This is a multicenter, retrospective, diagnostic study that included consecutive clinical patients in nine tertiary medical centers in different regions of China. The study was approved by the local ethics committee (CHEC2021-092), registered in the Chinese Clinical Trial Registry (ChiCTR2100048428), and undertaken according to the Declaration of Helsinki. Informed consent from patients with PCa and controls was acquired in the prospective cohorts. All patients with PCa and controls were confirmed by pathological examination. Histological classification was established according to the WHO classification.
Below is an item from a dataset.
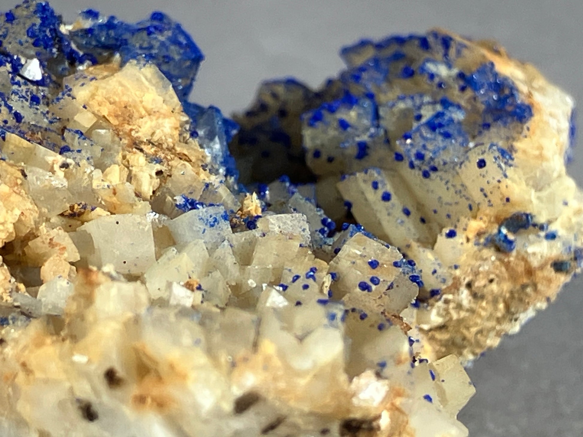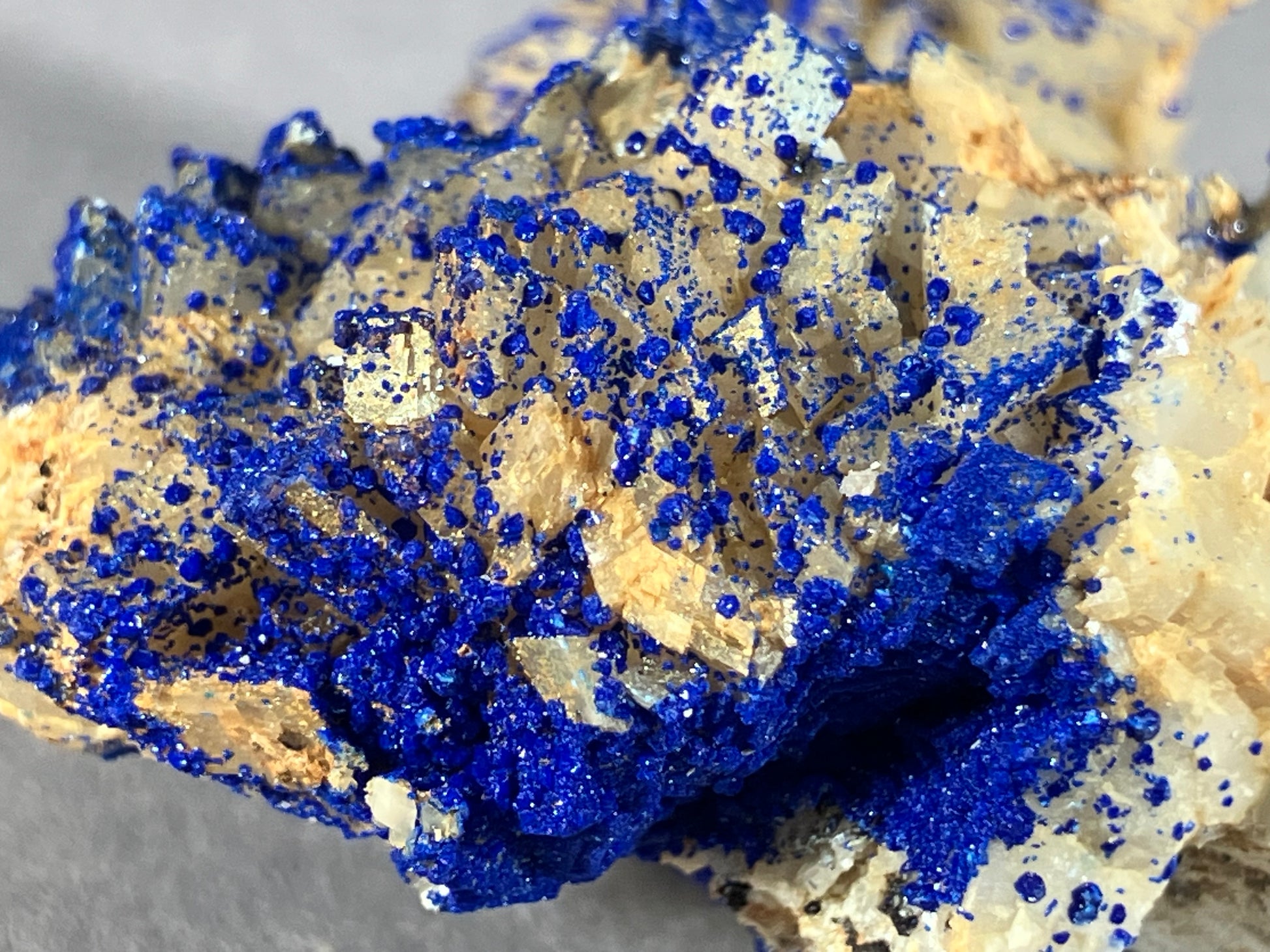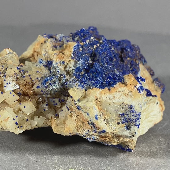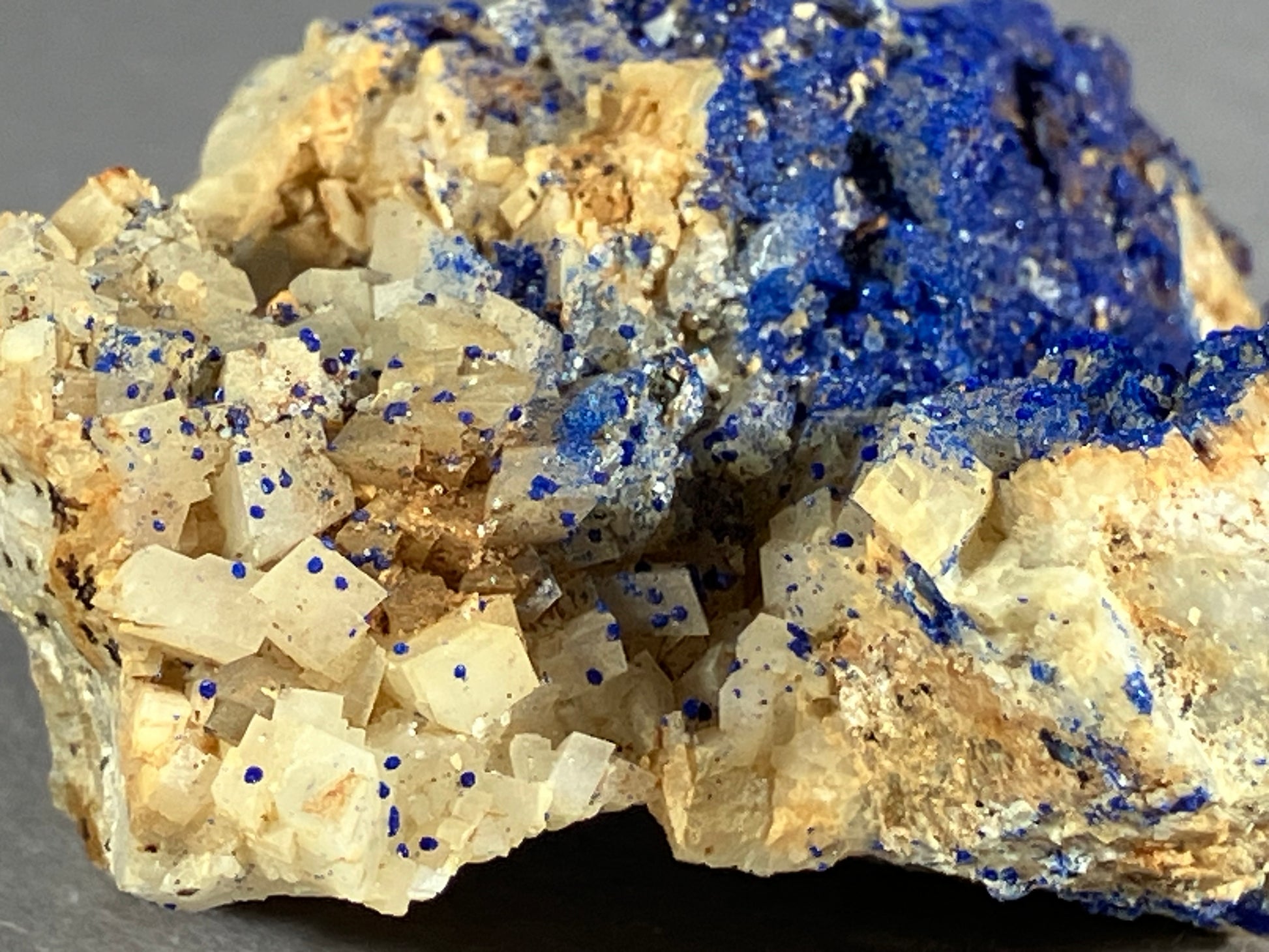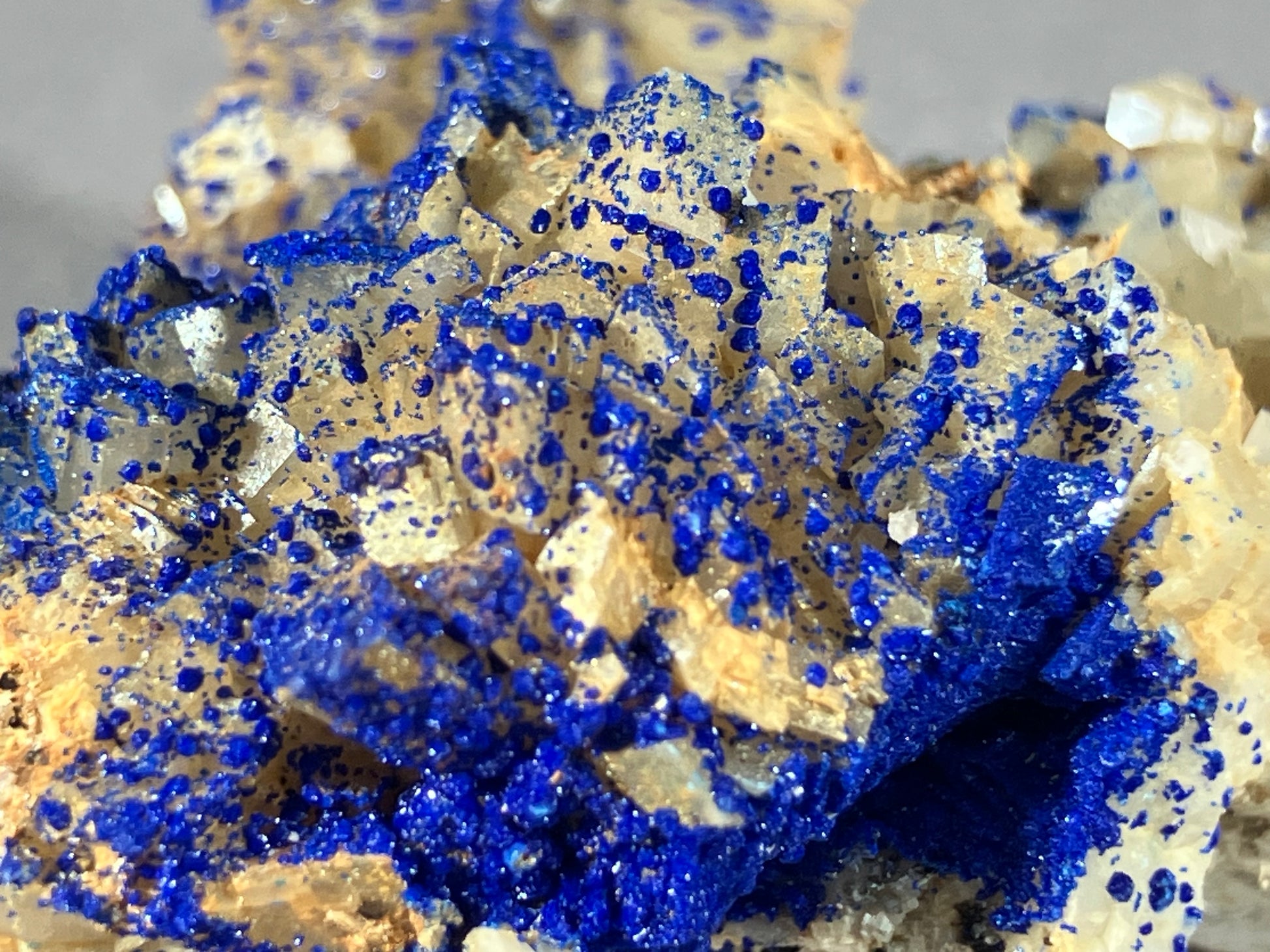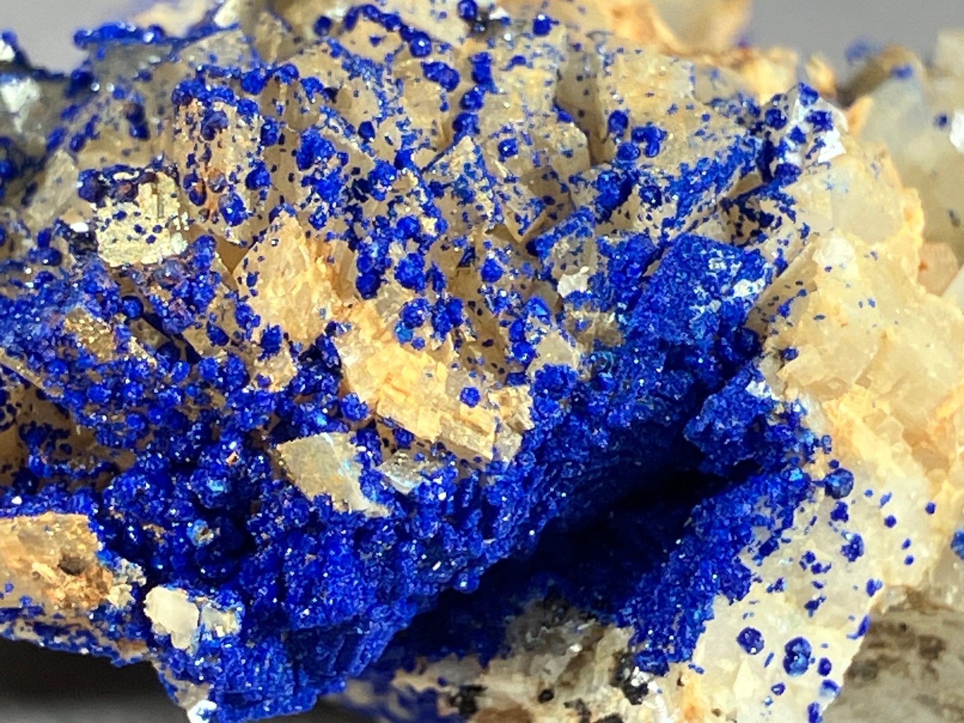 Tiefblauer Azurit auf Dolomitkristallen.
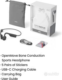 Sicurezza e vestibilità sicura: Grazie al suo design open-ear, OpenMove offre un modo sicuro per ascoltare musica o podcast durante la corsa, il ciclismo, lo sprint o l'escursionismo senza compromettere la percezione dell'ambiente circostante.

We extracted various features from the subjects, including demographics (height, weight, gender, etc.), imaging reports (abdominal B-ultrasound), and clinical laboratory tests (PSA, routine blood tests, routine urine tests, blood lipids, hepatic function, blood glucose, etc.). Inclusion criteria were (1) the subject scheduled to undergo the initial prostate biopsy; (2) PSA 4–20 ng/mL; (3) ultrasound examinations were completed and associated reports were processed by Natural Language Processing (NLP), with detailed information of upper and lower diameter and left and right diameters; and (4) patients with complete clinical information.

Study design

A summary of the workflow and an overview of the cohorts are shown in Fig. 1 according to the statement for transparent reporting of a multivariable prediction model for individual prognosis or diagnosis (TRIPOD) ( Specifically, we performed feature selection using data from 4312 biopsy-positive PCa patients and biopsy-negative control patients who underwent prostate biopsy at five clinical sites between May 2008 and December 2019. A total of 435 patients underwent prostate biopsy from January 2016 to December 2021 for subsequent analysis in the other 4 centers.

Fig. 1
figure 1

Study design. AutoML, automated machine learning; LR, logistic regression; RF, random forest; ROC, receiver operating characteristic curve; DCA, decision curve analysis

First, the retrospective data were divided into a training cohort (3230 patients, 80%) and an internal validation cohort (808 cases, 20%). The prospective cohorts included the Shanghai Changhai Hospital prospective cohort (519 cases) and Zhongda Hospital cohort (190 cases). The data of the training cohort were applied to construct models using four algorithms, including AutoML, logistic regression (LR), random forest (RF), and XGBoost. Then, the four models were evaluated, and the classifiers with the best prediction performances were chosen to establish the final diagnostic model. The parameters of the diagnostic model from the training cohort were applied to validate the diagnostic performance of the selected model. The discriminative power of the selected model with PCa was evaluated by the area under the curve (AUC) of the receiver operating characteristic curve (ROC). Then, the clinical value of the model was further evaluated.

Data preprocessing

First, demographics, imaging reports, and clinical laboratory tests of eligible participants were extracted from Shanghai Changhai Hospital, the First Affiliated Hospital of Soochow University, Zhongda Hospital Southeast University, West China Hospital of Sichuan University, and the First Affiliated Hospital of Xi’an Jiaotong University using extract-transform-load (ETL) tools. The NLP module was used to extract the “upper and lower diameters and left and right diameters” reported by ultrasound. Then, all the laboratory tests were subjected to quality control steps for further feature selection. The RF model-based method was used to select candidate features for modeling [9].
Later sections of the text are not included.